* _WORK TO COMPLETE_
Scan the lines below for the word "design". Copy each line you find it in.

* _MATERIAL PROVIDED_
━━━━━━━━
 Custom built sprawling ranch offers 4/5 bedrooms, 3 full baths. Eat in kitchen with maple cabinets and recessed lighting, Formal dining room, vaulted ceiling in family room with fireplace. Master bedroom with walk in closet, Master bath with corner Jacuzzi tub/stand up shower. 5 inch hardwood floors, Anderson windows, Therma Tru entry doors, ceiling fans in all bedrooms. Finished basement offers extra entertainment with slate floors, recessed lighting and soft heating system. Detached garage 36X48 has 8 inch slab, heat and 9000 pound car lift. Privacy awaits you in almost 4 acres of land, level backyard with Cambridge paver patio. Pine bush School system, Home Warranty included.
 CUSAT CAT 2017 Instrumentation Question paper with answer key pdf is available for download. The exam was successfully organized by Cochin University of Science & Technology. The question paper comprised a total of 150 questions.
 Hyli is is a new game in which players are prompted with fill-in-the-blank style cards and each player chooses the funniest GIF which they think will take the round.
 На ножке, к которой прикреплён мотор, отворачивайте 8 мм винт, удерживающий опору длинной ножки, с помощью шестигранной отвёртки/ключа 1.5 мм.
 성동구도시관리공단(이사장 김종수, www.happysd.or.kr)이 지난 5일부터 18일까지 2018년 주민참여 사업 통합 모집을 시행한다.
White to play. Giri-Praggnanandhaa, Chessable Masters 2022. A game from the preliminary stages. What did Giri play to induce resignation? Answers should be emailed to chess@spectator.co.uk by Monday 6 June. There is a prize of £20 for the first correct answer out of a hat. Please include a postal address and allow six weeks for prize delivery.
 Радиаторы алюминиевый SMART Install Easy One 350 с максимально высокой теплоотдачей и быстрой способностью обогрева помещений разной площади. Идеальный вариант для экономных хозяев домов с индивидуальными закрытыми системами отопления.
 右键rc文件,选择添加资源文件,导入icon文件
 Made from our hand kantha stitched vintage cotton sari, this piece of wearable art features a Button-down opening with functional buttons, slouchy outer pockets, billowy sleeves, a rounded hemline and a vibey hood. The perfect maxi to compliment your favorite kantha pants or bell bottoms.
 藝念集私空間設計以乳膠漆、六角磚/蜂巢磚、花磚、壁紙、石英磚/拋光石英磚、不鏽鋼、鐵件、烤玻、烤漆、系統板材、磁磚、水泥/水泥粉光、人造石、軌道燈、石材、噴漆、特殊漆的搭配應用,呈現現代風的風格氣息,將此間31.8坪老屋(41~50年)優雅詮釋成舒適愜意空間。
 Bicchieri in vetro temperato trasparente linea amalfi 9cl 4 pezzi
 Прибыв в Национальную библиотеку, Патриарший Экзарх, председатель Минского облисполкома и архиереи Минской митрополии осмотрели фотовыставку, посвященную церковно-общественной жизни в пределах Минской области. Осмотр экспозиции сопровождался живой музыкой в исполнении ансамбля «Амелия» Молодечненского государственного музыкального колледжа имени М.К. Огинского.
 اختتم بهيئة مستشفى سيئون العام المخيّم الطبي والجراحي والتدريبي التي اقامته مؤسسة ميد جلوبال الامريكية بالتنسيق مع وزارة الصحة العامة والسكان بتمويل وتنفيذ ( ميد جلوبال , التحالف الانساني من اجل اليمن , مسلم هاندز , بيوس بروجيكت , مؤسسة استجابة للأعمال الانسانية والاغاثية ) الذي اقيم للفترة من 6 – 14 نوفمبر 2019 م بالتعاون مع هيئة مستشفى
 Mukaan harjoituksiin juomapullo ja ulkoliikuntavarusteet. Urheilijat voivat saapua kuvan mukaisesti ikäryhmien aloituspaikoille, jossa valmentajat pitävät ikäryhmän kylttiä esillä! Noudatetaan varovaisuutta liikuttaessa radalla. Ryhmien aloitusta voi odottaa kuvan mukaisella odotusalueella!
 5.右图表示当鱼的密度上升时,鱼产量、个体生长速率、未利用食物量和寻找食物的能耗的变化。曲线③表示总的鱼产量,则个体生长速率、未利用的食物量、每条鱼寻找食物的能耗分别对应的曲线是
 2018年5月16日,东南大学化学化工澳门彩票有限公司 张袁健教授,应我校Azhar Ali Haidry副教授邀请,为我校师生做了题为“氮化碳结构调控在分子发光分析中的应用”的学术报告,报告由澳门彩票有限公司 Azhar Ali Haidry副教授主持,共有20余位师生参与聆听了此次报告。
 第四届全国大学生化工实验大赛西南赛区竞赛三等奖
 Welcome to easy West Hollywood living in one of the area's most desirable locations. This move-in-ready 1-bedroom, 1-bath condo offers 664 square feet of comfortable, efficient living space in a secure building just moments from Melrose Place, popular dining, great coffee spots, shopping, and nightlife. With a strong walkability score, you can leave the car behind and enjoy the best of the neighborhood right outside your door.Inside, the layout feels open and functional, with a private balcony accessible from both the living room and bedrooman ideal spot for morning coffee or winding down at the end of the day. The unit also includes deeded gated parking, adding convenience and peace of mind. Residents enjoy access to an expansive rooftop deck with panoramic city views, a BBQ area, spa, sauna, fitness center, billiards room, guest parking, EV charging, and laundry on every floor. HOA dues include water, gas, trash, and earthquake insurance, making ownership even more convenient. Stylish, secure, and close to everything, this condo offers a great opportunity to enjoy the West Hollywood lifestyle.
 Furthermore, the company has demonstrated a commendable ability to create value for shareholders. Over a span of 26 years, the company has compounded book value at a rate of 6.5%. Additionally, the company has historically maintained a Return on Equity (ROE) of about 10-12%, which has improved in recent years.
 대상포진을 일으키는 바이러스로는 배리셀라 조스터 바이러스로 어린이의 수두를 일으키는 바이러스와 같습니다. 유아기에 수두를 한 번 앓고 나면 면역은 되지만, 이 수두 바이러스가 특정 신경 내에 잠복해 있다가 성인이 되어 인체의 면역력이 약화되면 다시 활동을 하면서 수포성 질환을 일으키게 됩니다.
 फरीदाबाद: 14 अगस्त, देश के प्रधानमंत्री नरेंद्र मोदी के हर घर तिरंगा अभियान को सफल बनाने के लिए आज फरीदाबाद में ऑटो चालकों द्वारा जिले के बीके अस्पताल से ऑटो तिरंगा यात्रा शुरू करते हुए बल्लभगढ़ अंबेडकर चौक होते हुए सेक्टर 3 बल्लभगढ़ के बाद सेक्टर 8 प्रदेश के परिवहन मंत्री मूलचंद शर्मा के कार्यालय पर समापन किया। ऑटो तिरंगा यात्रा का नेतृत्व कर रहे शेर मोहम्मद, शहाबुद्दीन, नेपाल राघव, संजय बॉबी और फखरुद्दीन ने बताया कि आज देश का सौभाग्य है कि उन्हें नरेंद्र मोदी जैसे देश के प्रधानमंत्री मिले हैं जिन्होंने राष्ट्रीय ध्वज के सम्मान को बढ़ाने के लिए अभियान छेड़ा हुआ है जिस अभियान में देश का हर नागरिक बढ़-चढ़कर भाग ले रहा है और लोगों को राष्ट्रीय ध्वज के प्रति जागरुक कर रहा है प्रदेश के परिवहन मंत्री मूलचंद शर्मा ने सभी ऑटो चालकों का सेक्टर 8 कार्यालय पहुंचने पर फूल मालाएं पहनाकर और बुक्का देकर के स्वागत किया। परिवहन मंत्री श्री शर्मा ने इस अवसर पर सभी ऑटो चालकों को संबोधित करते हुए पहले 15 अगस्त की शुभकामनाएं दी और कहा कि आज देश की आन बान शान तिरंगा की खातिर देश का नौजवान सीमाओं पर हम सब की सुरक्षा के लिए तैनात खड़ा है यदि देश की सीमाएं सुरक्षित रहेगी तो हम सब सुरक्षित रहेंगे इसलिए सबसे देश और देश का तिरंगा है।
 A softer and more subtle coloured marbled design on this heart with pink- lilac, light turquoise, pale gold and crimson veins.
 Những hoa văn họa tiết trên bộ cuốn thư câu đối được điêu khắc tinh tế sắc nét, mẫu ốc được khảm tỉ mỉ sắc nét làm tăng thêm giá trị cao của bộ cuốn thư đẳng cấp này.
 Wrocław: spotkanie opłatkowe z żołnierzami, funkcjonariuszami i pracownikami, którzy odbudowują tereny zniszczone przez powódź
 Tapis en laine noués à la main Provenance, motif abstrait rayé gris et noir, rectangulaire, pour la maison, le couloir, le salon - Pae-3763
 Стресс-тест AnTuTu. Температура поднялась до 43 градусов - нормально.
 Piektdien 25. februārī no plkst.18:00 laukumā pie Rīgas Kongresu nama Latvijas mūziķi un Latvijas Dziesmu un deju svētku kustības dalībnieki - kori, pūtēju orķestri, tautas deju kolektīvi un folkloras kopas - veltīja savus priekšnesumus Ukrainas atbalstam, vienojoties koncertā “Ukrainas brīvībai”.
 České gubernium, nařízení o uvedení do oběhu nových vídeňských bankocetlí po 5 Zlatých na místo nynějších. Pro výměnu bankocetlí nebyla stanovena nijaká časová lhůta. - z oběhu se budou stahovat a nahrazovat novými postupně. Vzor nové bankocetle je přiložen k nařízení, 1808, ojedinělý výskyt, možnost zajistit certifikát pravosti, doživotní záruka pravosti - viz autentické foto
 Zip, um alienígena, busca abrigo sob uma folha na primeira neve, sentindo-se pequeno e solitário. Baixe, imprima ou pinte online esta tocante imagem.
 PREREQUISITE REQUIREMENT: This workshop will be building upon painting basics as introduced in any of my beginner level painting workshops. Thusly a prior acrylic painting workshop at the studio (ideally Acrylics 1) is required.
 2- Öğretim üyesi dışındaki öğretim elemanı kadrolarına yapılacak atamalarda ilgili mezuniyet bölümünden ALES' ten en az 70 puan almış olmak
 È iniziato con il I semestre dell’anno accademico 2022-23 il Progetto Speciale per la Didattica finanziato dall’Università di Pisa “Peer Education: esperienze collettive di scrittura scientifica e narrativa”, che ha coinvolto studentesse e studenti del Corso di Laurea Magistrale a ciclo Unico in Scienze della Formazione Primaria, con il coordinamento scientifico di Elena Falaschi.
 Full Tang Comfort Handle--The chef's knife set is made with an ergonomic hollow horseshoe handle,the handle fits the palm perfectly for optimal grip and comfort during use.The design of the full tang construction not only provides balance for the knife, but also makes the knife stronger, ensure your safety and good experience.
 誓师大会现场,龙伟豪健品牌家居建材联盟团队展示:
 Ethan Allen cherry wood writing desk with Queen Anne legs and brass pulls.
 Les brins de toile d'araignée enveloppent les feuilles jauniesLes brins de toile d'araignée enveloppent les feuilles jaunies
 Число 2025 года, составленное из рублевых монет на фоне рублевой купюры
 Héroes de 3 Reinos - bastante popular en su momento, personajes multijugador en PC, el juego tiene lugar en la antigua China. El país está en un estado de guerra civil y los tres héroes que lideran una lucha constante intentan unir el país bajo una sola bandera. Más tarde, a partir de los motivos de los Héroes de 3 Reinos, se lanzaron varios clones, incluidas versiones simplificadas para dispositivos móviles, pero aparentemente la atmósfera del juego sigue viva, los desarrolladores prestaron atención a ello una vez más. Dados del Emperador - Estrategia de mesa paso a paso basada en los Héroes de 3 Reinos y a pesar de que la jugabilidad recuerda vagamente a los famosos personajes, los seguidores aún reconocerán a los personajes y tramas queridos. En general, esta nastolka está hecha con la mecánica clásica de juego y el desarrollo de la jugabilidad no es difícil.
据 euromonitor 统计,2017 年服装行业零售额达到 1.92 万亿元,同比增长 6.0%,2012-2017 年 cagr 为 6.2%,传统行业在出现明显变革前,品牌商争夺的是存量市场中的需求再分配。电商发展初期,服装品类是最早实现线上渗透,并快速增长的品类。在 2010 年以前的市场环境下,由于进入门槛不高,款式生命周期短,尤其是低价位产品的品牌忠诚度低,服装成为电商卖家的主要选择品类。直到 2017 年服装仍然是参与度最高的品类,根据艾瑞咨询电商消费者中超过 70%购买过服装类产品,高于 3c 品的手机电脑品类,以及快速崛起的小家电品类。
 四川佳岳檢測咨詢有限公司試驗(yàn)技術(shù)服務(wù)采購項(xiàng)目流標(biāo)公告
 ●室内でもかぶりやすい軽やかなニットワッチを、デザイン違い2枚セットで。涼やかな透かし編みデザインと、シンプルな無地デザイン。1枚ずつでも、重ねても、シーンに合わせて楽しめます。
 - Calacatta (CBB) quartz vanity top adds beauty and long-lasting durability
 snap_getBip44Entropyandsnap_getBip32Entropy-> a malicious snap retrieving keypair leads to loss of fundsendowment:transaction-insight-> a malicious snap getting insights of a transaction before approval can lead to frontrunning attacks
━━━━━━━━
* _ANSWER TO THIS EXERCISE_
 A softer and more subtle coloured marbled design on this heart with pink- lilac, light turquoise, pale gold and crimson veins.
 Full Tang Comfort Handle--The chef's knife set is made with an ergonomic hollow horseshoe handle,the handle fits the palm perfectly for optimal grip and comfort during use.The design of the full tang construction not only provides balance for the knife, but also makes the knife stronger, ensure your safety and good experience.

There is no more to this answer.